Kilka dni białego szaleństwa w Alpach było nagrodą za ciężką pracę w ostatnich miesiącach i cały stres związany z podrabianiem dokumentów, przekraczaniem granicy, życiem z podwójną tożsamością. Chyba każdy szanujący się szpieg lubi narty. I kobiety. Czerniawski dyskretnie przemilczał to w swoich wspomnieniach, ale z relacji Mathilde Carré, która skrupulatnie wyliczała jego kochanki, wiemy, że nie był w Megeve sam. Być może na miejscu poznał tę kobietę około trzydziestki? Była mężatką z dwójką dzieci. Została nie tylko kochanką Czerniawskiego, lecz także agentką o pseudonimie Orion i potem często przyjeżdżała do Paryża, ku irytacji swojego męża dentysty, który Kotce kojarzył się z "wiecznym mężem" Fiodora Dostojewskiego. Czerniawski raz tylko, przy innej okazji, i tylko w angielskiej wersji wspomnień, zapisał, że pani Lecquelec, o pseudonimie Orion, była "cichą, czarującą kobietą uosabiającą w jego oczach niepokonaną siłę wielu Francuzów, których spotykał, wykonując swoje zadanie". Prawdopodobnie była więc częścią tej Francji, której Niemcy nie pokonali, ale która najwyraźniej łatwo ulegała Polakowi. O swej relacji z panią Lecquelec wspomniał też później w raporcie dla MI5.

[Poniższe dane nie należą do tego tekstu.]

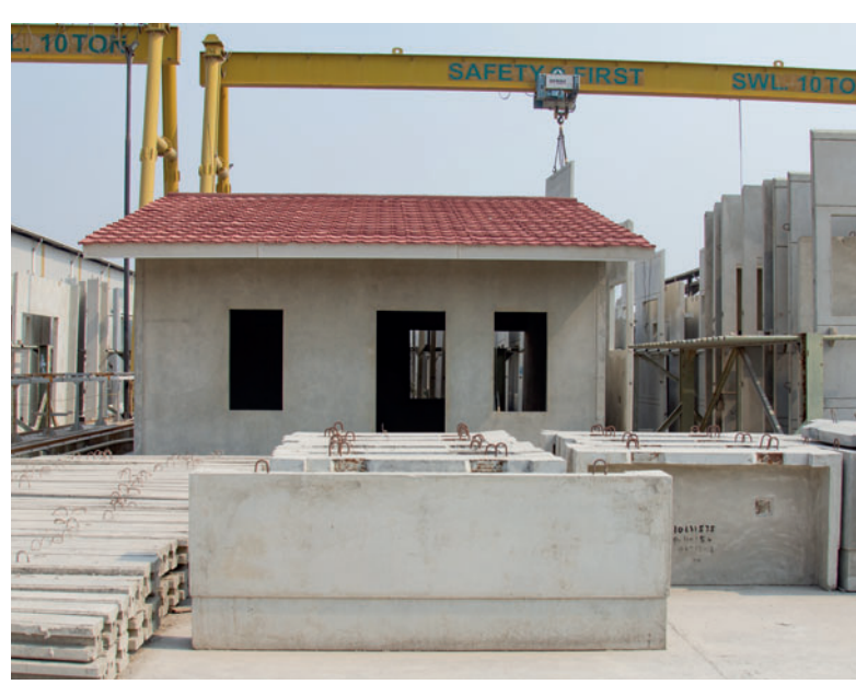
PT Motive Mulia also produces low-cost houses, which the company offers in differing versions.

Stripping the formwork from the wall panels takes place in a similar way on the next day. The machine travels under the production line and is placed in position. The hydraulic device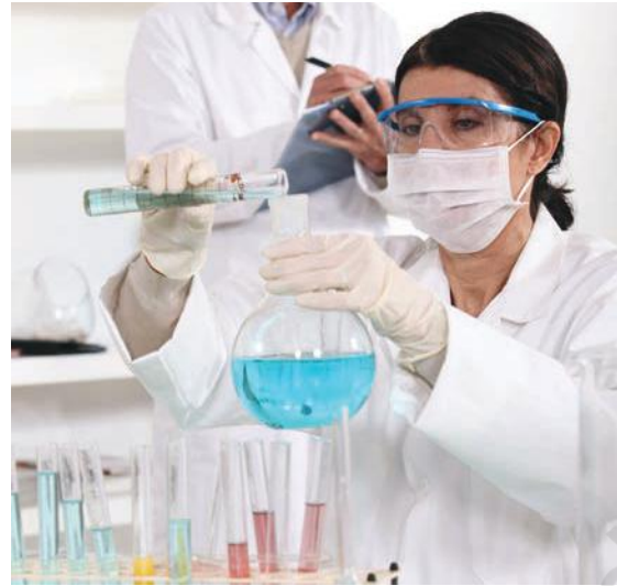
Fig. 7.4. Chemical engineer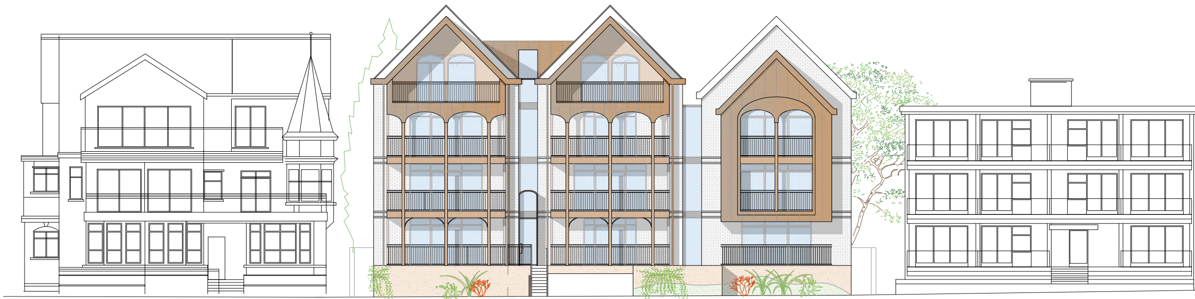
PROPOSED FRONT ELEVATION 1:200 @ A3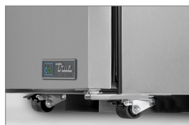
Low Profile (LP) 1½" Castors Upcharge applies for (LP) size castors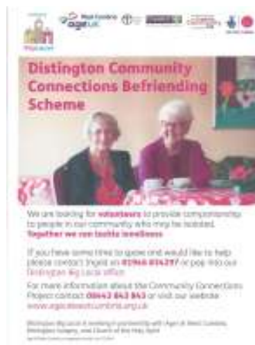
Working with the surgery and Age UK, volunteers needed.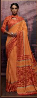
D. NO. - 1002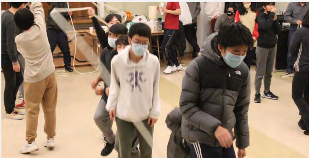
Participants during Game 1 - Jump rope

Jednak mimo białego szaleństwa i romansu, myśli i plany związane z siatką szpiegowską nie opuszczały Czerniawskiego w Alpach. Po trzech dniach przyjemności nie wytrzymał i postanowił wrócić do Marsylii. Czwartego dnia, pełen optymizmu, zapukał do drzwi Villa Mimosa.

Pianino

Tudor czekał na niego. Był w dobrym nastroju. Radiostacja przybyła dzień wcześniej. Miał też dla paryskiej siatki nowy zastrzyk gotówki. Sprzęt okazał się jak na tamte czasy niewielki, przypominał przenośną maszynę do pisania. Ta mała, szara, metalowa skrzynka nie wydała się Czerniawskiemu szczególnie godna zaufania, ale operatorzy Tudora, Bronisław Dulęba i Zygmunt Masłowski, byli przekonani, że odpowiednio obsługiwana maszyna pozwoli na skuteczny kontakt z Londynem.

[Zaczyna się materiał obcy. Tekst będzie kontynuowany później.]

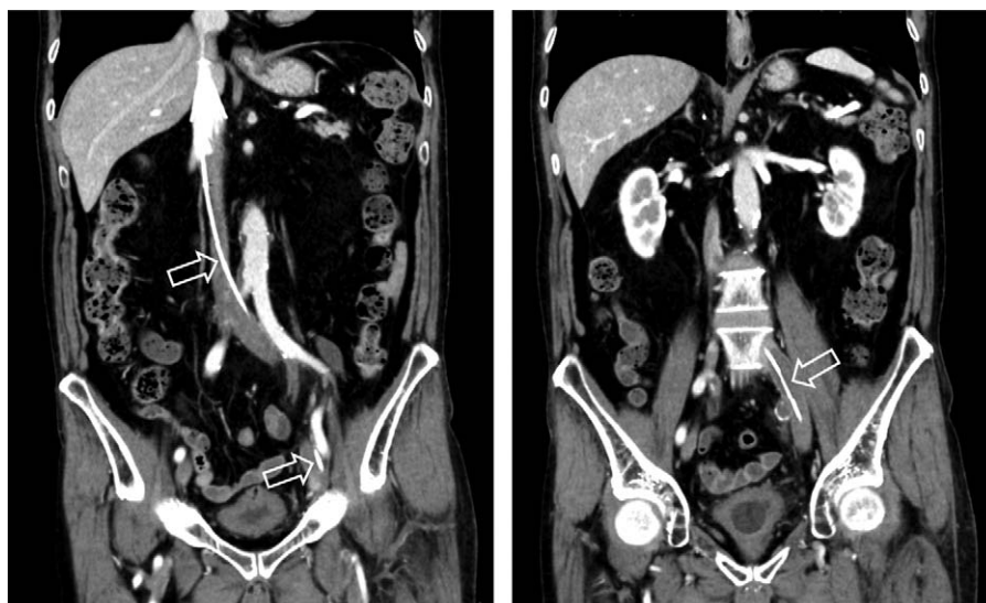
Figure 3. Abdominal computed tomography scan showing catheter-directed thrombolysis treatment using a Fountain infusion catheter (arrow).

with a life expectancy of more than a year, good functional status, extensive iliofemoral thrombosis, and who present soon after the onset of symptoms. [3] In contrast to systemic administration of the agent, CDT can increase infusion times leading to a high incidence of partial thrombolysis. By using a Fountain infusion catheter which has multiple side holes for dispersion of a thrombolytic agent, urokinase can be administrated directly into the thrombus. The conceivable advantages of intrathrombus infusion are as follows: clot removal efficacy is enhanced by the ability to achieve an increased intrathrombus drug concentration, and the additional mechanical thrombus disruption by directly spraying the thrombolytic drug may further enhance pharmacological dissolution of the thrombus. [6] In fact, because CDT preceded the medication treatment, edoxaban dramatically reduced the thrombus except for the part in the iliac vein in this case. The duration of future treatment with edoxaban has been a matter of debate. We consider that edoxaban therapy should be continued as long as possible, because recurrence of an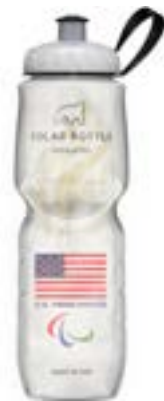
US Paralympic Team Flame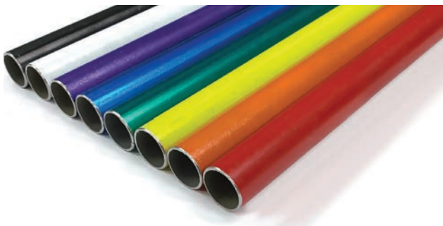
Identify Important Circuits Instantly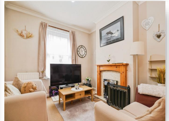
Norfolk Street, Stockton-On-Tees TS18 4BB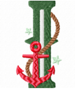
File: I Stitched 2_5 Inch.jef Stitches: 4331 Size: 32.9x63.6 mm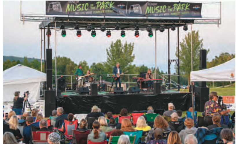
Rocky Wall Entertainment’s free concerts in Silver Bay draw a crowd. Here with The Jayhawks in August 2024.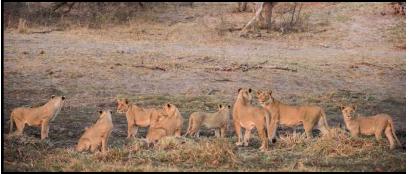
Two of the Horseshoe lionesses with their six cubs born in 2015, in Kwando Core Area, Bwabwata National Park.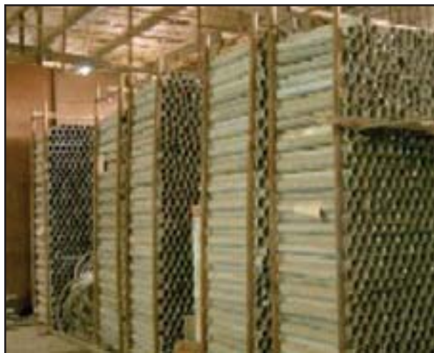
81-mm aluminum tubes in a second Dhu al-Fiqr Factory warehouse.

pieces might have been disassembled for valuable subassemblies such as motors and condensers. Still others could have been taken intact to preserve their function.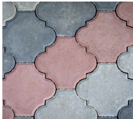
▲ UNIWAVE INTERLOCKING PAVERS

The rapid expansion of the UAE has seen a growing demand for products in this category.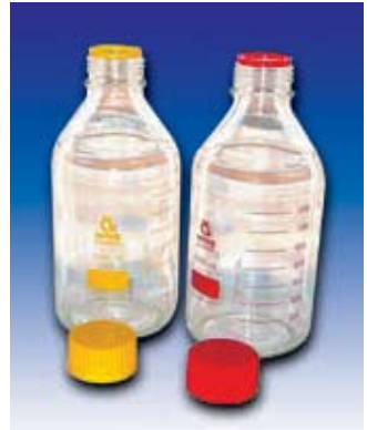
Colored Lab Bottles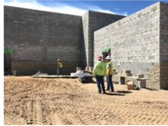
Chestnut Hill masonry installation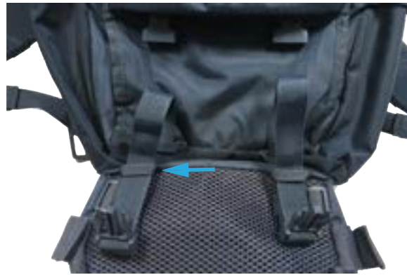
QUICK RELEASE SETUP 02: + Insert buckle through lower webbing loop on back of LV6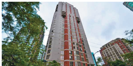
JARDINES LOOKOUT PH3 YEALETOWN 3103-867 Hamilton $1,590,000

Rarely available quiet East facing 1132 s/f, 2 bdrm, 2 bathroom, 2 level loft with large deck at T/V Towers, building #1. Great amenities + 24 hour concierge. Vacant.

Pozostało ustalić kod, jakim będzie się posługiwać siatka Interallié. Tudor i Czerniawski postanowili go oprzeć na polsko-francuskim słowniku autorstwa Bolesława Kielskiego, tytuł ten z pewnością dostępny był też w Londynie - językiem komunikacji miał być francuski. Trzy pierwsze cyfry miały oznaczać stronę, dwie następne wiersz, w którym znajdowało się dane słowo. Ciąg zero, pięć, sześć, zero, siedem oznaczałby zatem pięćdziesiątą szóstą stronę i siódmy wers. Ponadto postanowiono jeszcze dodawać do każdego zaszyfrowanego słowa wymiennie daty urodzin Czerniawskiego i Zarembskiego. Ale licząc od 1 stycznia 1941 roku, liczby oznaczające daty urodzin ich obu codziennie zwiększałyby się o jeden.

"Wspaniale! To znaczy, że nie tylko każde drugie słowo zaszyfrowane ze słownika będzie miało inny klucz, lecz również cała kombinacja zmieniać się będzie codziennie" - Czerniawski był pod wrażeniem.

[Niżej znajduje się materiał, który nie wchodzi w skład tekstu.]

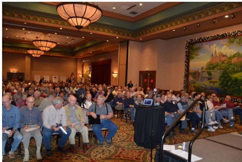
Figure 2-4. Workshop Attendance at Branson

The third workshop, the Branson workshop, had to be moved to accommodate the crowds. Due to the short notice, an alternate location that was within sight of the Visitors Center, but which could accommodate five times as many people was booked. A press release was sent to the news media on Friday, November 30, 2012, to notify people of the change in location. Missouri Department of Transportation loaned USACE two variable message signs that notified the public of the change in location. One sign was placed on the highway just south of the Visitors Center and the other was placed on the highway north of the dam just before the driveway into the Chateau. People approaching the Visitors Center from the north would have to pass the Chateau before arriving at the Visitors Center and so this sign would have alerted them of the change before crossing the dam. Large poster board signs were also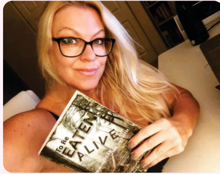
Helped my dad publish his first book at the age of 80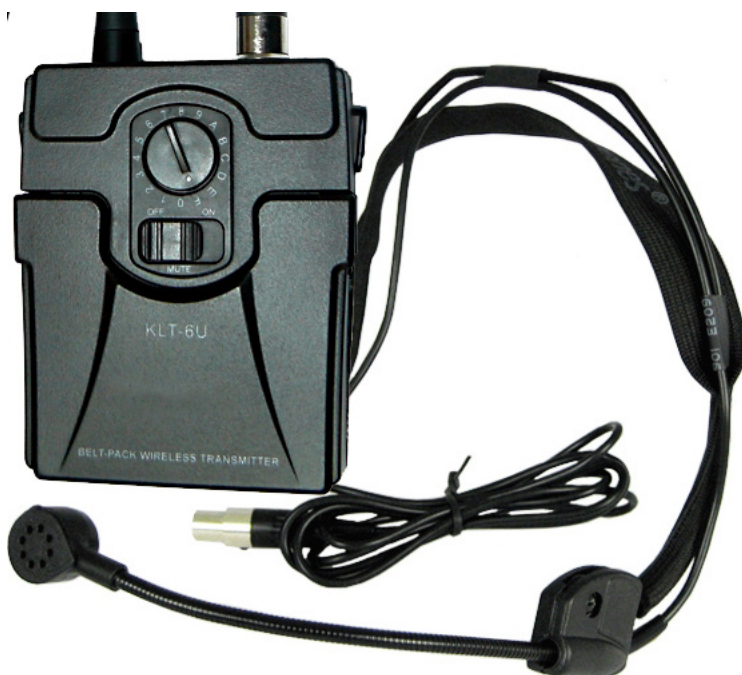
Headset microphone system HAT-1C/KLT-6U, 863 MHz – 865 MHz (EU public domain frequencies).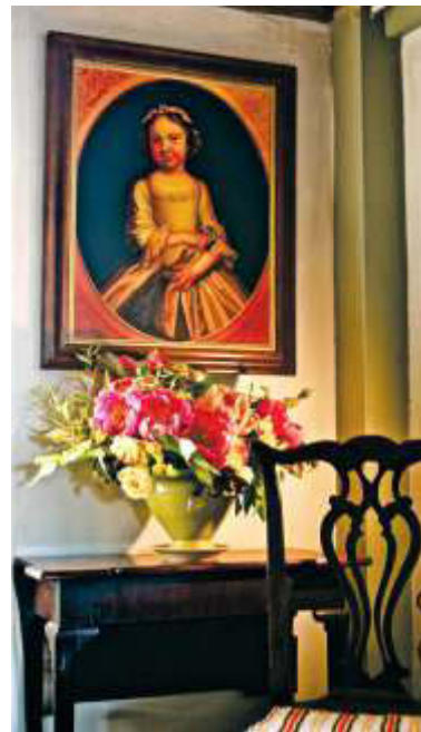
Beauty is everywhere in Annapolis Royal, from the stalls of its Farmers' Market to the homes of its citizens.

If you love design – houses, gardens, art, crafts, antiques, vintage and modern creations – you will love Annapolis Royal! The area is more than Canada's birthplace...it is a centre for the design arts...a unique design destination. Annapolis Royal and its surrounding townships are home to countless artists and designers who have moved here from other parts of Canada, the United States and Europe. They have joined the growing concentration of local artists and specialized craft and trades people in an area recognized for its beauty, quality of life, sustainable lifestyle and historic connections with the wider world.

Kod, oświadczył Tudor, zostanie dla bezpieczeństwa przesłany przez Madryt do Londynu. Ustalono też, że w eterze siatka Czerniawskiego nazywana będzie Interallié, ale w samej Francji - La Famille - Rodzina. On zaś podpisywać depesze będzie nie jako Armand, choć pod takim pseudonimem funkcjonował we Francji, lecz Valentin, bo jako Walenty znany był na Wyspach jeszcze ze swej wcześniejszej działalności we Francji nieokupowanej.

W Nowy Rok Armand Borni znów przekraczał granicę autobusem. Mały bagaż, zawierający cenną radiostację, upchał nad siedzeniem. Tym razem jednak na granicy miał pecha. Przekonał się o tym, gdy tylko zobaczył na posterunku uzbrojone straże. Jeden z Niemców wszedł do autobusu, a Czerniawski, ku swojemu przerażeniu, zorientował się, że szkop ma listę Francuzów, którym wydano lokalne przepustki. Niemcy najwyraźniej się wycwanili.

"Poczułem, że mi się zimno robi" - wspominał. Ujrzał jednak, jak jeden z młodych Francuzów zamiast przepustki pokazał swoją kartę demobilizacyjną i Niemiec zaakceptował ten dokument. Akurat taką kartę Czerniawski też posiadał - szybko ją wyjął, schował swoją podrobioną przepustkę w portfelu, portfel zaś wyrzucił za siebie i czekał w napięciu, aż Niemiec do niego podejdzie.

Dokładnie w tym momencie jakaś staruszka siedząca z tyłu podała mu portfel z trefnymi dokumentami. Czerniawski chciał przekląć babę, ale opanował się i tylko podziękował: "Merci, Madame".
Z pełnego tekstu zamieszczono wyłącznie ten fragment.